Instructions to follow :: Across the whole listing, return each line exactly, with no images included.

Recorded data ::
☆ ☆ ☆ ☆ ☆ ☆ ☆

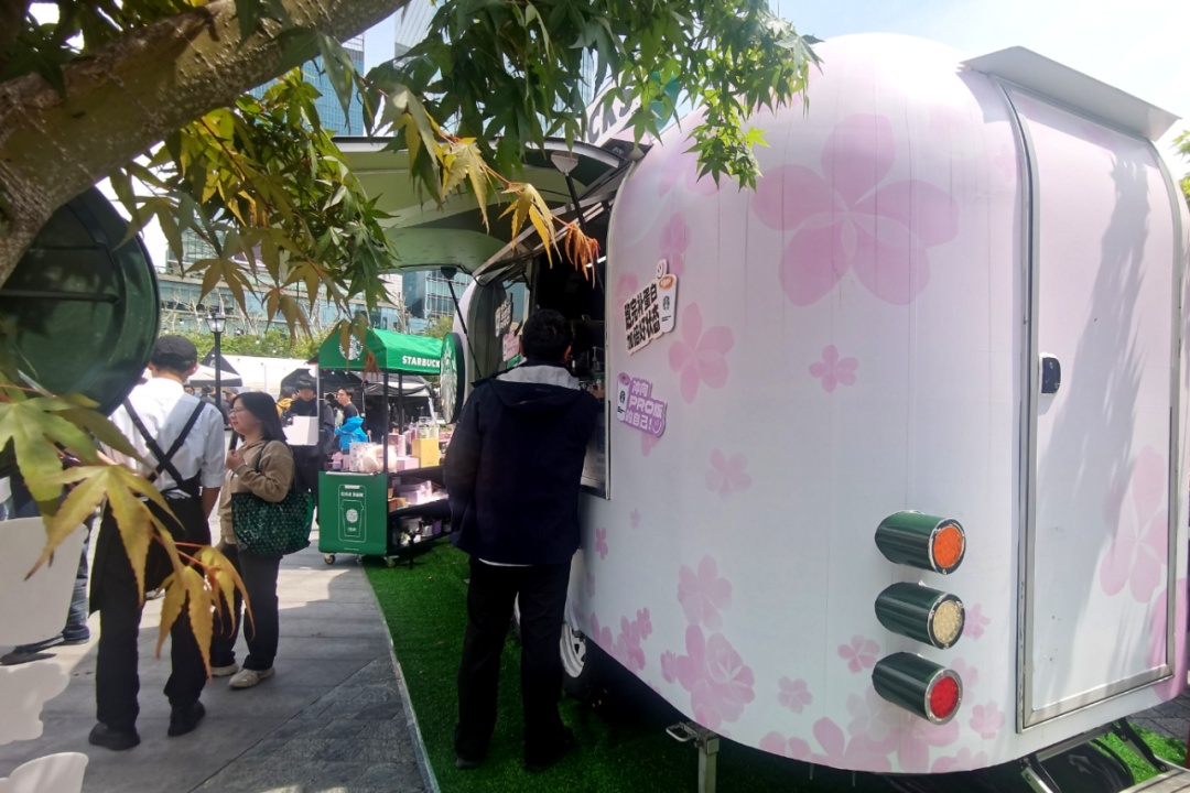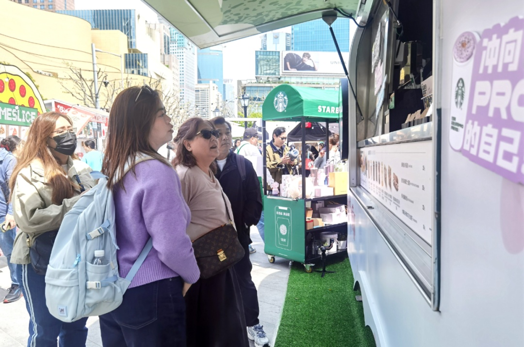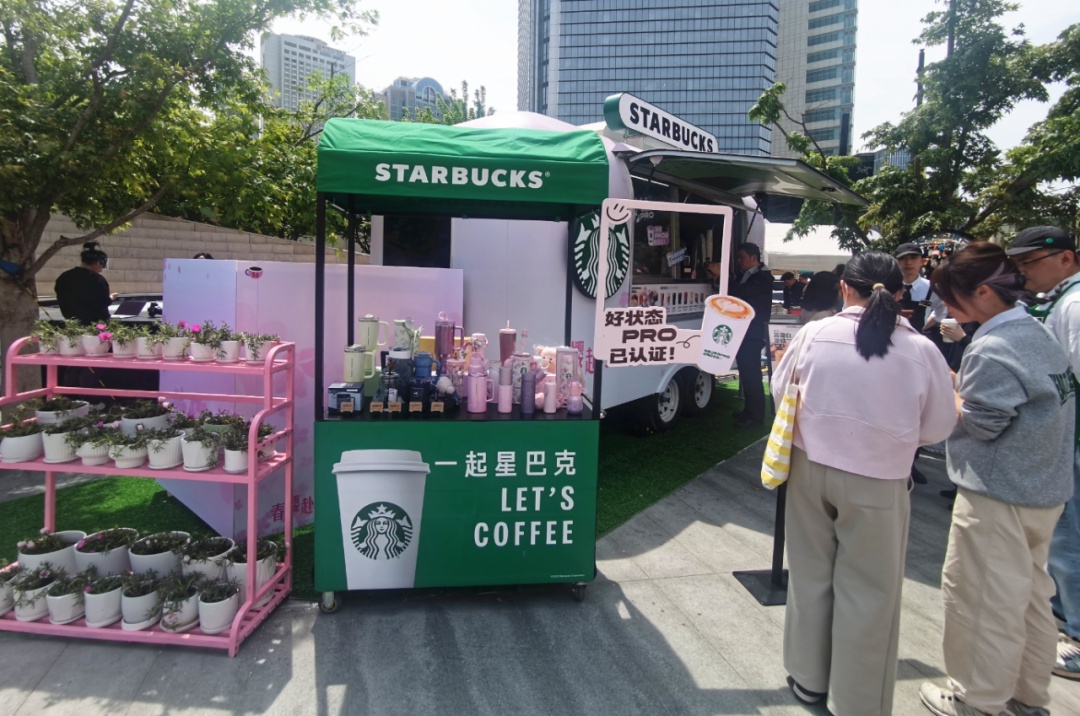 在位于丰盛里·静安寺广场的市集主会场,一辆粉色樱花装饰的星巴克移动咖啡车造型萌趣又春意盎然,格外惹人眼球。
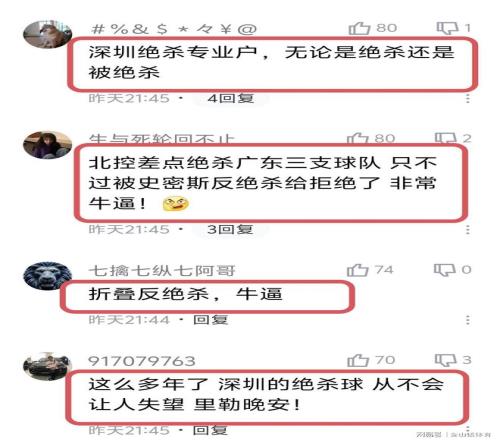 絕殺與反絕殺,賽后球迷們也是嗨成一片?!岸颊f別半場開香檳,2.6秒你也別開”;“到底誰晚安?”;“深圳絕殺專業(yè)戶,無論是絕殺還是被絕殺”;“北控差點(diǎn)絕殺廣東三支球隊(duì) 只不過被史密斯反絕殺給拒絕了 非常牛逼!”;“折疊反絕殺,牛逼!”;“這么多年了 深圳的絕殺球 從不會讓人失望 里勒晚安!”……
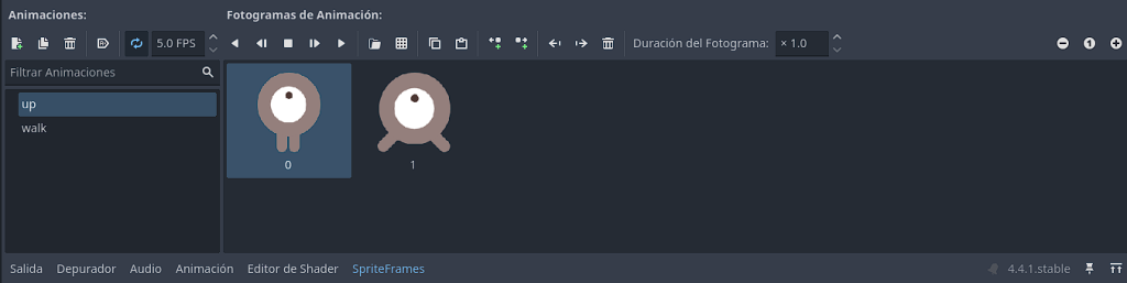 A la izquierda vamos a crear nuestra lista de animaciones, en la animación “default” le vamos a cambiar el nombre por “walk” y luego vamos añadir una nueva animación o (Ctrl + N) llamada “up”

☆ ☆ ☆ ☆ ☆ ☆ ☆

Final answer ::
 在位于丰盛里·静安寺广场的市集主会场,一辆粉色樱花装饰的星巴克移动咖啡车造型萌趣又春意盎然,格外惹人眼球。
 絕殺與反絕殺,賽后球迷們也是嗨成一片?!岸颊f別半場開香檳,2.6秒你也別開”;“到底誰晚安?”;“深圳絕殺專業(yè)戶,無論是絕殺還是被絕殺”;“北控差點(diǎn)絕殺廣東三支球隊(duì) 只不過被史密斯反絕殺給拒絕了 非常牛逼!”;“折疊反絕殺,牛逼!”;“這么多年了 深圳的絕殺球 從不會讓人失望 里勒晚安!”……
 A la izquierda vamos a crear nuestra lista de animaciones, en la animación “default” le vamos a cambiar el nombre por “walk” y luego vamos añadir una nueva animación o (Ctrl + N) llamada “up”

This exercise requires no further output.